无论从商业还是技术视角来看,“大数据”都引发了很多争议。很难分辨何为真实,何为炒作。大数据为金融机构研发创新性的方案提供了很大的潜力,并可能为其带来显著价值。为了能够攫取价值,金融机构必须借助大数据更好的理解他们的数据,快速获取并且做出有价值的决定。这就要求商业目的、大数据存储和分析方法要一致。

创造价值的一个主要因素是要信任用来做决策的信息。不信任信息源,分析可能就会抛锚;相反,坚定的信任则会帮助其吸引董事会支持大数据分析。随着信息源数量和样式逐渐增多,建立对数据的信任对大数据创造价值变得越来越重要。
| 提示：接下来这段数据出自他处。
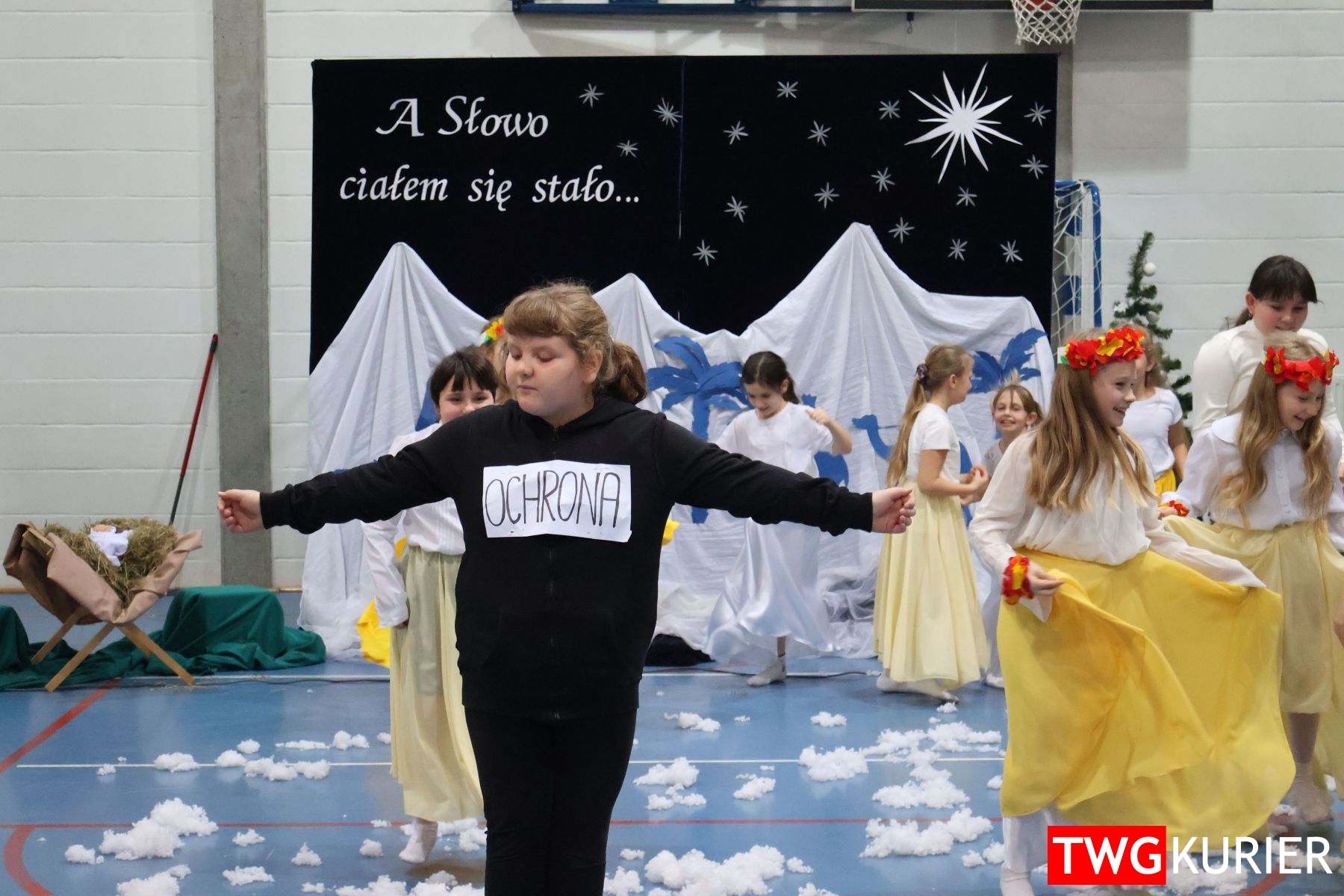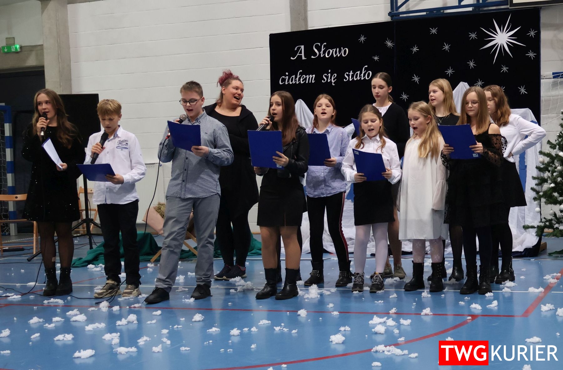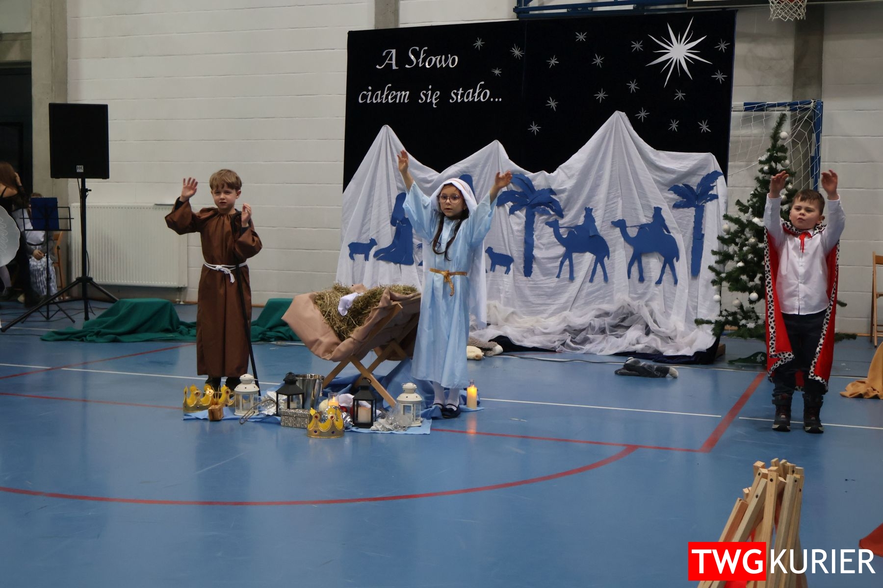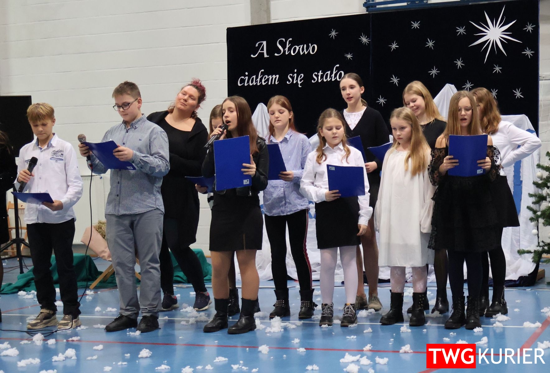 Na scenie sporo się działo, jednak motyw przewodni – Boże Narodzenie – był bardzo wyraźny. Przedszkolaki oraz uczniowie klas II i III zaprezentowali jasełka. Z kolei w muzyczny, świąteczny nastrój wprowadziła publikę lokalna Orkiestra Dęta. Nie zabrakło pokazu talentów, czyli występów wokalnych i instrumentalnych w wykonaniu uczniów. Szkolnemu chórowi udało się nawet zaangażować widownię do wspólnego śpiewania!

金融机构需要建立对大数据的信任并攫取机会。这个报告旨在帮助金融机构理解大数据的技术部分。想要更好的理解金融机构怎么从大数据中最大化利润可以参考:从大数据中攫取价值:在金融领域淘金。

大数据在金融机构中的3V’s

容量、多样、速度——大数据的这3个特征与金融机构息息相关但又充满挑战。他们必须掌握大量数据,但这些数据缺乏结构并且信息源复杂。另外,金融机构需要具有实时处理数据的能力。

容量:大数据就是大

以前,企业用百万兆字节的容量来存储企业数据。现在,存储需要更大的空间,因为公司开始增加存储和调用不同形式的数据:交易和客户明细,贸易数据,博客,音频文件和其他。很多国家的法律规定金融机构必须保存数据10年。历史数据的保存只是对金融机构的要求,这增加了金融机构商业进程的复杂性。一个公司保存的数据可能是音频或者是其他形式的文件,但有一点是必须的,就是10年内这些数据可以被随时调用。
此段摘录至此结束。